In the records below, find the line containing "Les noyaux moteurs" and return it together with every later line, exactly as written; pictures are to be omitted.

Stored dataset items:
□ □ □ □ □ □ □

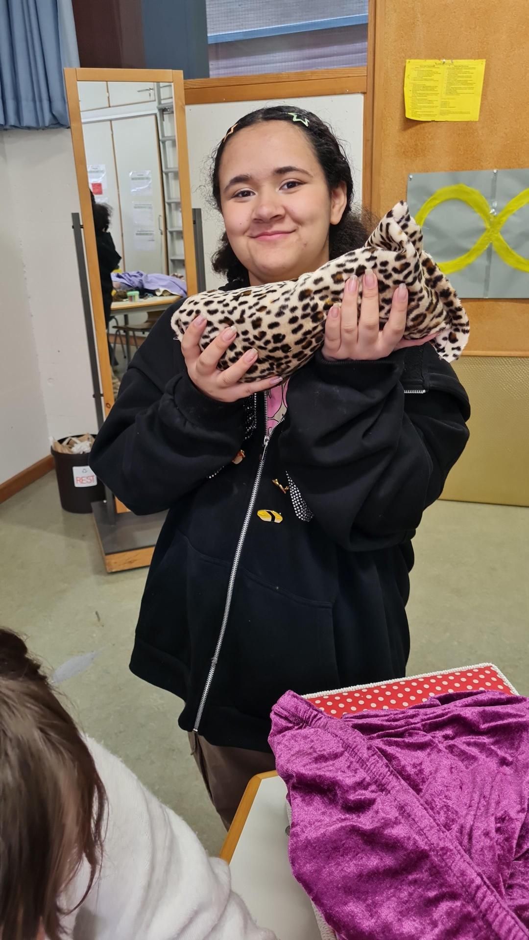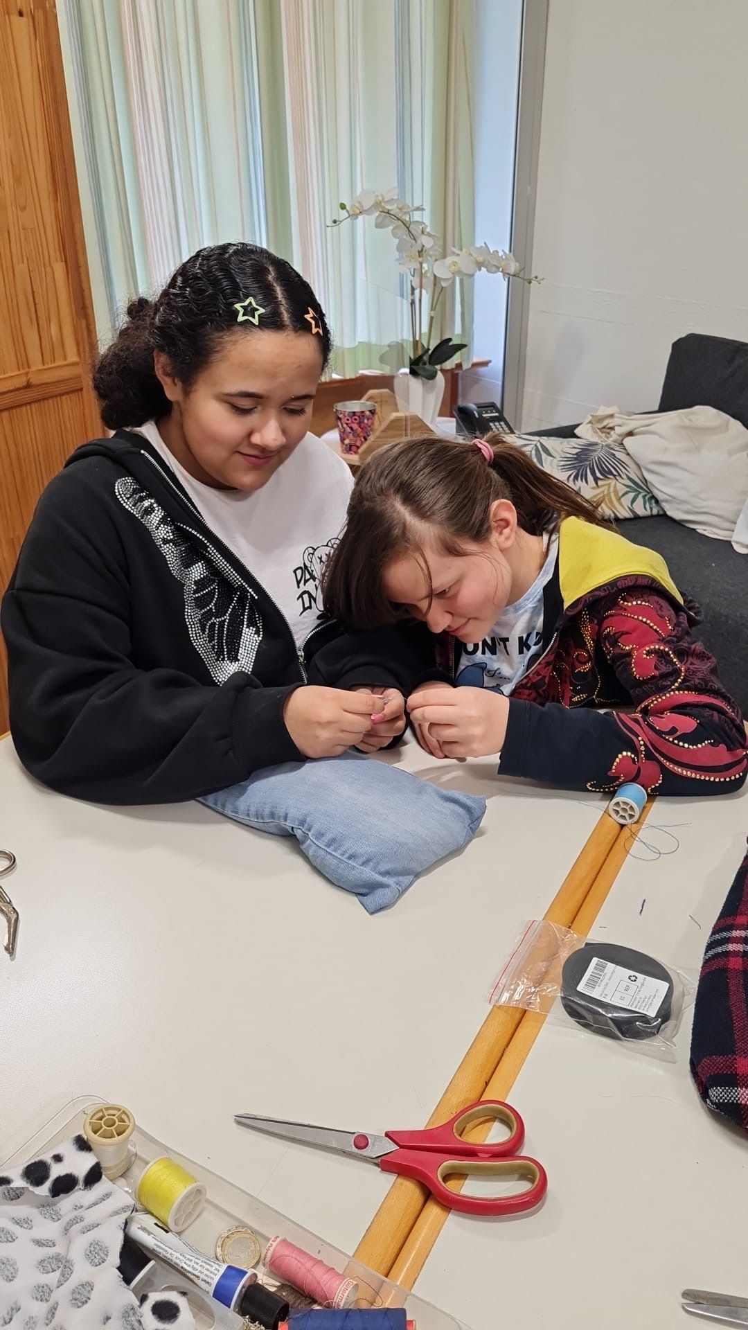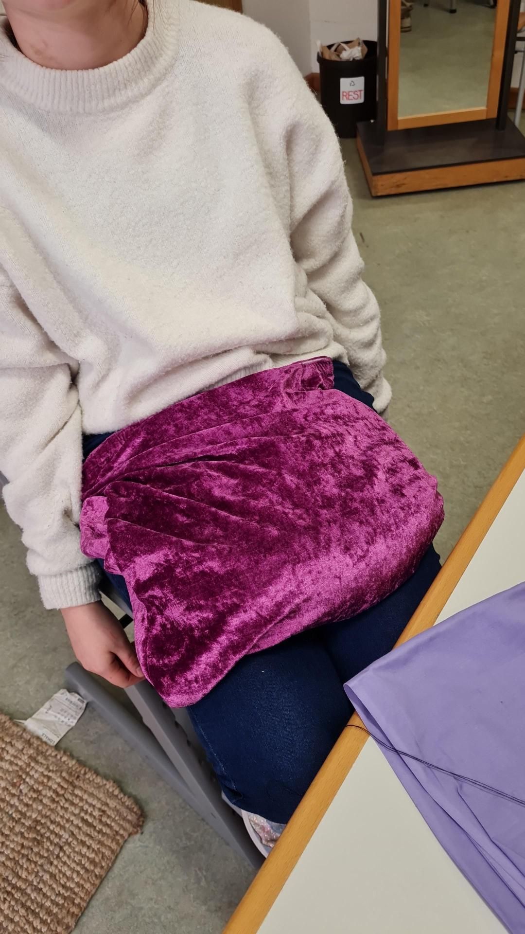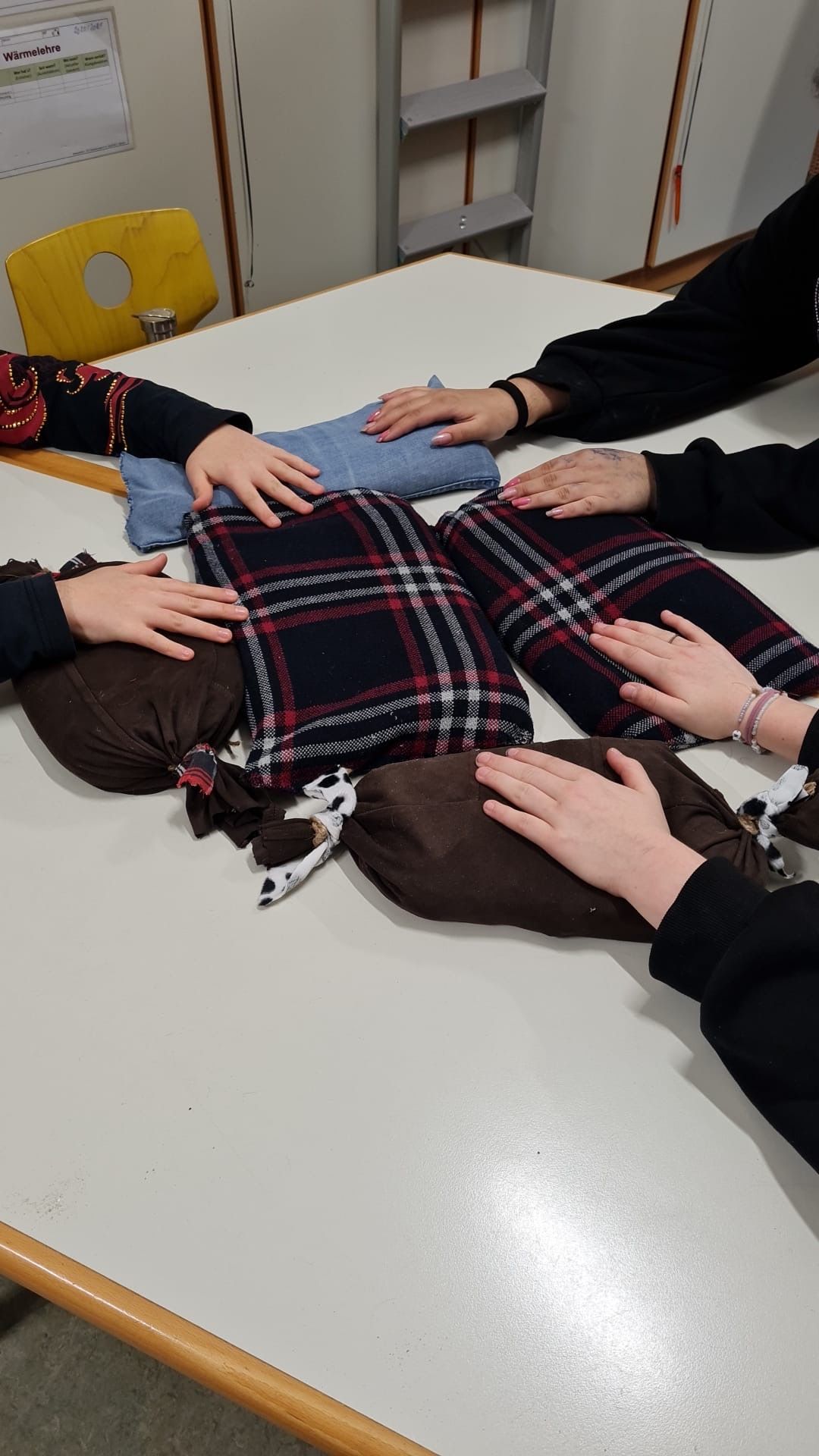 Die Mitarbeiterinnen fertigen kleine Bälle aus Stoffen von aussortierten Hosen, elastische Bänder werden eingeklebt und um eine Tischplatte gespannt. Unruhige Kinder können durch diese elastische Vorrichtung zappelige Bewegungen umlenken.
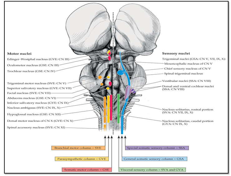 Les noyaux moteurs des nerfs crâniens sont situés plus ventralement et les noyaux sensoriels des nerfs crâniens plus dorsalement. Il y a 3 colonnes motrices et 3 colonnes sensorielles qui courent le long du tronc cérébral.
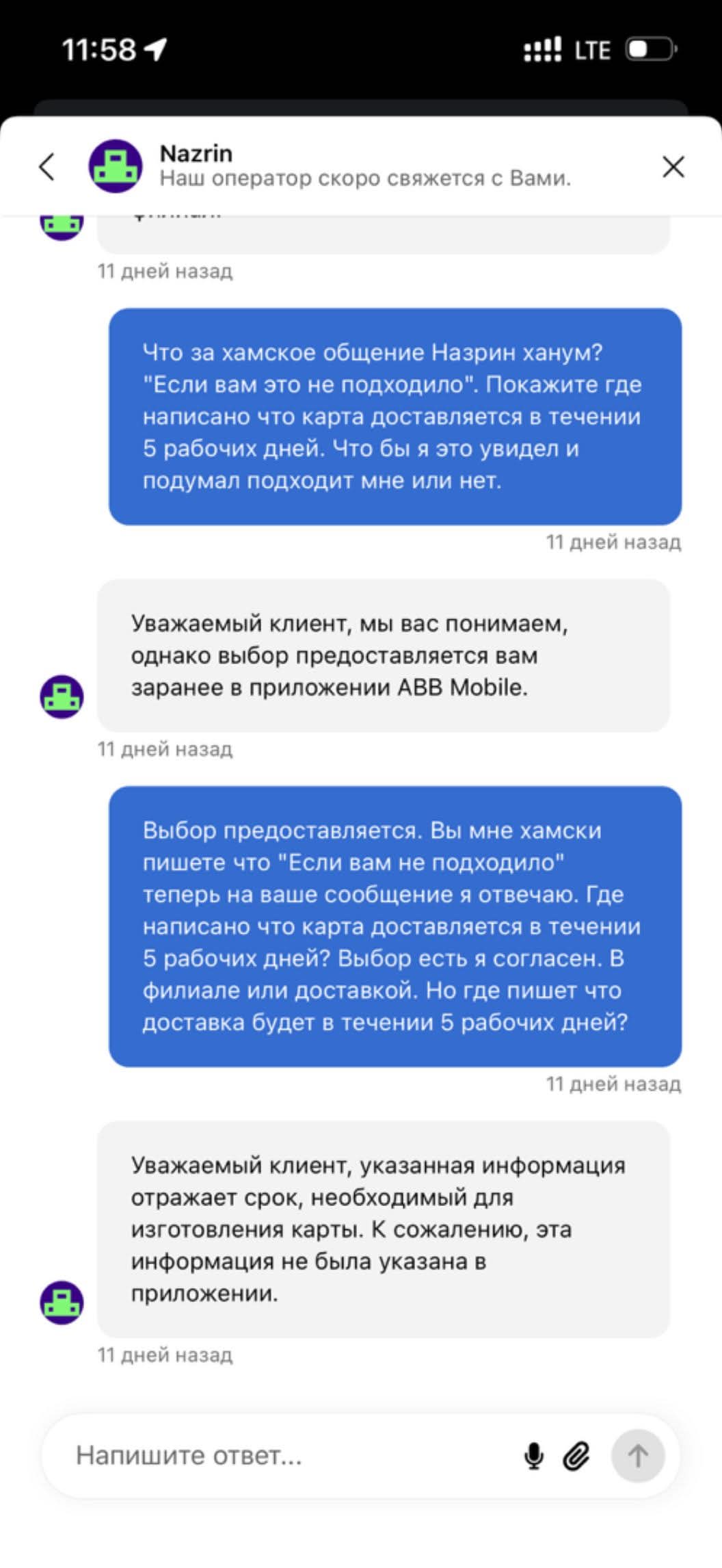 Həmin sorğu ilə bağlı göndərilən bildirişdə icra müddətinin 1 iş günü olduğu qeyd olunub. Amma artıq 27.11.2025 olmasına baxmayaraq, nə cavab verilib, nə də kart çatdırılıb. Operatorlarla əlaqə saxlayanda isə yalnız “qısa zamanda əlaqə saxlanılacaq” deyə cavablandırılır.
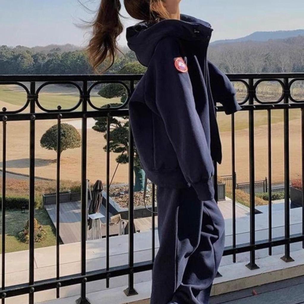 Dvoudílná sada nadměrné velikosti, korejská ležérní mikina na zip a volné kalhoty
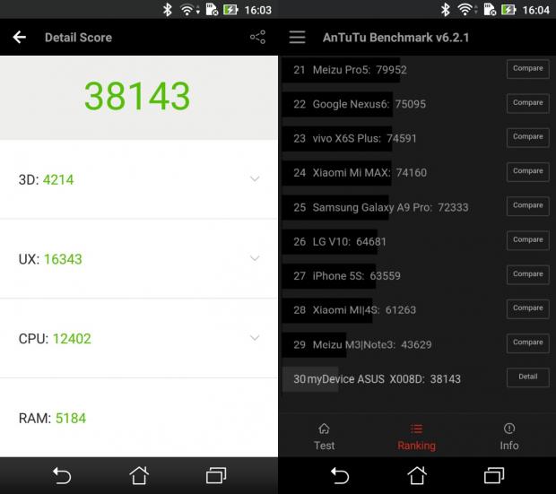 Đầu tiên, với ứng dụng Antutu Benchmark để đo hiệu năng tổng thể, ASUS Zenfone 3 Max đạt được 38143 điểm. Trong đó điểm 3D được 4214 điểm, điểm UX được 16343 điểm, điểm CPU được 12402 điểm và 5184 điểm RAM.
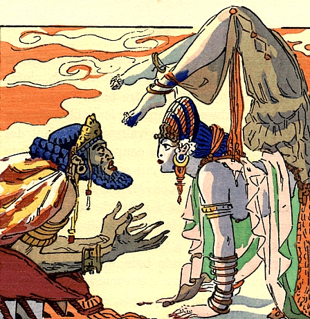 Les panneaux de la tribune d'or se déployèrent tout à coup ; et à la splendeur des cierges, entre ses esclaves et des festons d'anémone, Hérodias apparut, - coiffée d'une mitre assyrienne qu'une mentonnière attachait à son front ; ses cheveux en spirales s'épandaient sur un péplos d'écarlate, fendu dans la longueur des manches. Deux monstres en pierre, pareils à ceux du trésor des Atrides, se dressant contre la porte, elle ressemblait à Cybèle accotée de ses lions ; et du haut de la balustrade qui dominait Antipas, avec une patère à la main, elle cria :
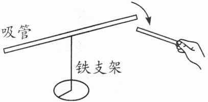 9. 用一段细铁丝做一个支架,作为转动轴,把一根中间戳有小孔(没有戳穿)的吸管放在转动轴上,吸管能在水平面内自由转动。用餐巾纸摩擦塑料吸管使吸管带电。
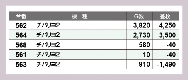 ※差枚数順に掲載しています

□ □ □ □ □ □ □

EXERCISE ANSWER:
 Les noyaux moteurs des nerfs crâniens sont situés plus ventralement et les noyaux sensoriels des nerfs crâniens plus dorsalement. Il y a 3 colonnes motrices et 3 colonnes sensorielles qui courent le long du tronc cérébral.
 Həmin sorğu ilə bağlı göndərilən bildirişdə icra müddətinin 1 iş günü olduğu qeyd olunub. Amma artıq 27.11.2025 olmasına baxmayaraq, nə cavab verilib, nə də kart çatdırılıb. Operatorlarla əlaqə saxlayanda isə yalnız “qısa zamanda əlaqə saxlanılacaq” deyə cavablandırılır.
 Dvoudílná sada nadměrné velikosti, korejská ležérní mikina na zip a volné kalhoty
 Đầu tiên, với ứng dụng Antutu Benchmark để đo hiệu năng tổng thể, ASUS Zenfone 3 Max đạt được 38143 điểm. Trong đó điểm 3D được 4214 điểm, điểm UX được 16343 điểm, điểm CPU được 12402 điểm và 5184 điểm RAM.
 Les panneaux de la tribune d'or se déployèrent tout à coup ; et à la splendeur des cierges, entre ses esclaves et des festons d'anémone, Hérodias apparut, - coiffée d'une mitre assyrienne qu'une mentonnière attachait à son front ; ses cheveux en spirales s'épandaient sur un péplos d'écarlate, fendu dans la longueur des manches. Deux monstres en pierre, pareils à ceux du trésor des Atrides, se dressant contre la porte, elle ressemblait à Cybèle accotée de ses lions ; et du haut de la balustrade qui dominait Antipas, avec une patère à la main, elle cria :
 9. 用一段细铁丝做一个支架,作为转动轴,把一根中间戳有小孔(没有戳穿)的吸管放在转动轴上,吸管能在水平面内自由转动。用餐巾纸摩擦塑料吸管使吸管带电。
 ※差枚数順に掲載しています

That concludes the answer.